Croatia | Wednesday, March 4, 2015 | 5 photos


Ingredients
Vegetable oil for frying
½ onion diced
2 cloves of garlic crushed
250g spec diced
250g Arborio rice
1kg Pork Mince
1 egg
Herb Salt to taste
Pepper

1 Head of Pickled Cabbage 0r 20 leaves*

250g Sauerkraut
250g Spec
500g Smoked Pork Bones
4 Tablespoons Plain Flour
2 Tablespoons Sweet Paprika
6 Bay Leaves

**You can buy these at most European delicatessens but nothing beats home made.
All you need is a head of cabbage, some salt, water and a non-metal container.

 

How to prepare this recipe
Heat oil in pan and fry onion, garlic and spec.
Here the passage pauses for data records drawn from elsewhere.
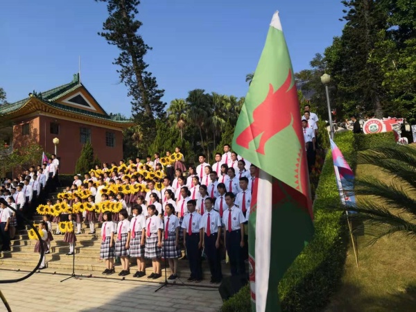 當(dāng)天晴空萬(wàn)里,空氣清新。石岐第一小學(xué)的陽(yáng)光天使合唱團(tuán)40名小演員們?cè)诙跗G霞校長(zhǎng)的帶領(lǐng)下,穿著整齊的校服,戴著鮮艷的紅領(lǐng)巾,早早就來(lái)到了紀(jì)念中學(xué)的校園里等候活動(dòng)的開(kāi)始。上午九點(diǎn),在紀(jì)念中學(xué)的民國(guó)建筑群漢白玉雕像前,一臺(tái)精彩的文藝表演拉開(kāi)了校慶活動(dòng)的序幕。石岐第一小學(xué)的陽(yáng)光天使合唱團(tuán)和紀(jì)中合唱團(tuán)的大哥哥、大姐姐一起唱起了由著名作曲家李海鷹寫的《我們的孫中山》,美妙的歌聲在紀(jì)念中學(xué)的上空飄響:五桂山下,蘭溪河畔,原野飄香宛如天堂,翠亨村曉醒來(lái)的阡陌上,走過(guò)來(lái)一個(gè)人——我們的孫中山。走過(guò)多少路,名字叫中山,條條中山路都通往四方,飛越大海聯(lián)結(jié)中國(guó)心,世界的孫中山,我們的孫中山。
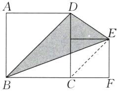 如图,连接EC,则线段EC与线段DB平行,通过等积变形,将计算三角形BED的面积转化为计算三角形BCD的面积,此时涂色部分变为大正方形的一半。
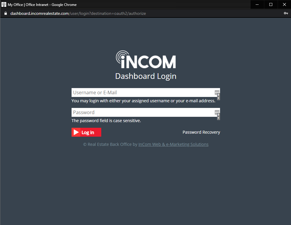 You’ll now be asked to log into your iNCOM account (unless you are already logged in). Enter your username and password to login.

Add Arborio rice and water to cover. Simmer for a few minutes until the rice softens and absorbs the water. In a large bowl combine onion mixture with mince, salt, pepper and egg. Use your hands to work the mixture.

Separate cabbage leaves, cut out any hard stalks. Large leaves can be cut in half. Reserve offcuts for sauerkraut.

Place a small handful of meat mixture onto leaf and roll tucking the ends into the roll with your fingers.

Lay half sauerkraut over the base of a large pot. Place rolls to cover the base of the pot then layer some spec and smoked bones. Repeat with another row until all the rolls are in the pot, 2-3 rows. Cover with remaining sauerkraut, smoked pork bones and spec. Pour water just below top.

Bring to boil then reduce to simmer for 1 ½ hours.

Heat oil in pan, add flour, stir until the mixture bubbles. Add paprika and continue to stir, add cold water until a thick mixture forms. Add stock from the rolls to make thick sauce. Pour this over the rolls pressing down with a wooden spoon. Do not stir the rolls or place a spoon into them as you will break them.

Pickled Cabbage: Remove outer tough leaves and reserve. Core the cabbage and fill with salt. Place in container core up and cover with the outer leaves. You can layer several cabbages if you have a large enough container or a barrel. Fill the container with water to the top. Cover with a clean cloth and an untreated wooden board weighed down so cabbage doesn’t rise during the fermentation process. Store in garage. After 10 days start to skim the foam off the surface. The cabbage will be ready after 40 days. You can freeze the heads or preserve them in jars.

We smoke our own spec and pork ribs by curing them in salt and water and then cooking them over hot smoke in a smoke house. The smell and taste it infuses into the rolls is unbeatable.


Simmer the rolls on gentle heat for a further ½ hour to 1 hour.

Serve with mashed potato.

 

The story behind this recipe
My maternal grandparent’s home in Toronto was a labyrinth of hidden treasures. A multitude of fruits and vegetables grew in a tight space. Every autumn the process of pickling and preserving began for winter as had been done in Croatia and Hungary. My grandfather would make yoghurt and cheese and a variety of sausages. A large barrel housed pickled cabbage heads to be used for Sarma. All these smells mingled in the concrete basement along with a collection of National Geographics, ice skates, one piano accordion and an inflatable raft. My friends and I would head there after school to see what delicacy was on offer. Sarma was my favourite.

My paternal grandfather’s home in the village of Vrbanja had no running water, a wood burning stove and dirt floors. One room was boarded up as a larder for storing and ageing smoked meat and pickled cabbage. I had never tasted anything like the spicy Kulen, Spec and Prosciutto my grandfather made. My father would climb the ancient trees to bring us fresh walnuts and we would shake the cherries from the trees at the back of the farm that bordered on cornfields. The neighbours would join my mother in making Sarma for the celebratory feast.

My parents would make sarma whenever I came to visit them in Brisbane. I would arrive to a family celebration and Mama would whisper, “I put some away for you to have tomorrow.” I have on occasion been known to carry a container filled with sarma onto a plane home, along with a bag full of smoked meat. It is a layering of happy memories, every process a reminder of my heritage.